Clone the repository and install the required packages using the following commands:
git clone https://github.com/CSE185-Final-Project/RNAseq_Easy/
cd RNAseq_Easy
pip install .
Alternatively, install directly from GitHub:
pip install git+https://github.com/CSE185-Final-Project/RNAseq_Easy.git
Export to your local path (needed if you're using class Juypter Notebook server or if you don't have root authorization)
export PATH="$HOME/.local/bin:$PATH"
If the install was successful, you can type RNAseq_Easy help
to view the user manual.
The basic usage of RNAseq_Easy
is:
RNAseq_Easy <group1_zip> <group2_zip> -o <output DIRECTORY> [options]
Example: To run
RNAseq_Easy
using example files from this repository:RNAseq_Easy dataset/HFD_Rep.zip dataset/Chow_Rep.zip -o <output DIRECTORY> [options]
The paths to two zip files are only required inputs for RNAseq_Easy
. Users may additionally specify the options below:
<group1_zip>
,<group2_zip>
Required. The path to two zipped files containing aligned and quantified gene reads processed by STAR and RSEM.-o
,--output <output_path>
Required. Specifies the path where the output graph will be saved.-p
,--pearson
Optional. If set, check the Pearson correlation for the data within the group and stop the program.-d
,--DESeq2 [-filter int]
Optional. If set, pass all the files to DESeq2 to process and stop. The result will be saved in the output path if set. The result will be filtered by removing the genes with a count lower thanfilter
, default-filter 0
. Note: Automatically check Pearson correlation.-v
,--visual [-p_value int, -fod int, -filter int]

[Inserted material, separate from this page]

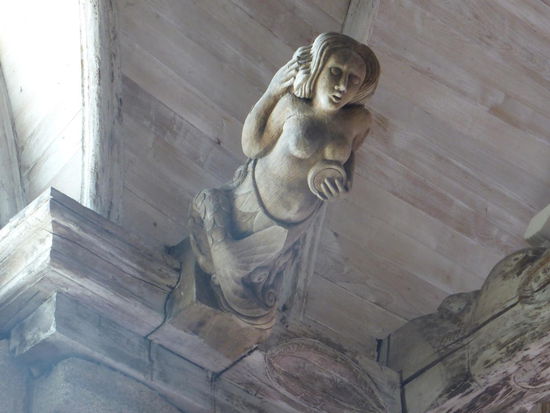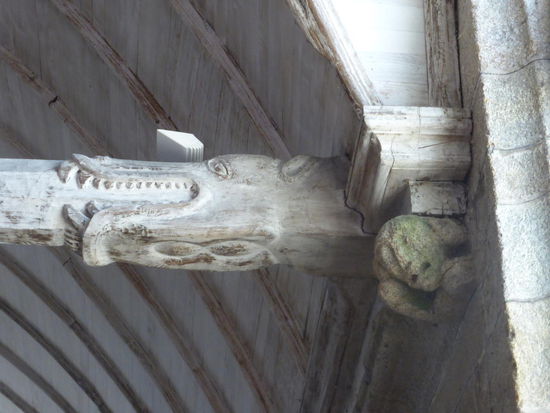 Besonders interessant sind hier die Innendetails. Die Balken sind an ihren Ende als Krokodilköpfe ausgearbeitet. Außerdem gibt es eine hölzerne nackte Frau in der Kirche! (Mit Spiegel und Kamm).

Optional. If set, generate a volcano plot of the given data. The plot will have labels Up, Down, and None based on p-value and fold-of-change(fod) inputted, default-p_value 0.05 -fod 0
. Note: Automatically check Pearson correlation and process the data through DESeq2.-name
,--name <file_path>
Optional. A two-column file without a header. The first column contains the gene ID measured, and the second column contains the corresponding gene name.
Examples:
Print Manual for usage:
RNAseq_Easy
or
RNAseq_Easy help
Check Pearson Correlation within group:
RNAseq_Easy path/to/group1.zip path/to/group2.zip -o path/to/newdirectory -p
Process data through DESeq2 and filter out gene with count lower than 10:
RNAseq_Easy path/to/group1.zip path/to/group2.zip -o path/to/newdirectory -d -filter 10
Generate the visualization of volcano plot with p-value threshold = 0.05, fold-of-change threshold = 2 :
RNAseq_Easy path/to/group1.zip path/to/group2.zip -o path/to/output/graph.png -v -p_value 0.05 -fod 2
-d
option will generate a csv file containing the result dataframe processed by DESeq2, deliminator = ','
-v
option will generate a volcano plot save as PNG formate.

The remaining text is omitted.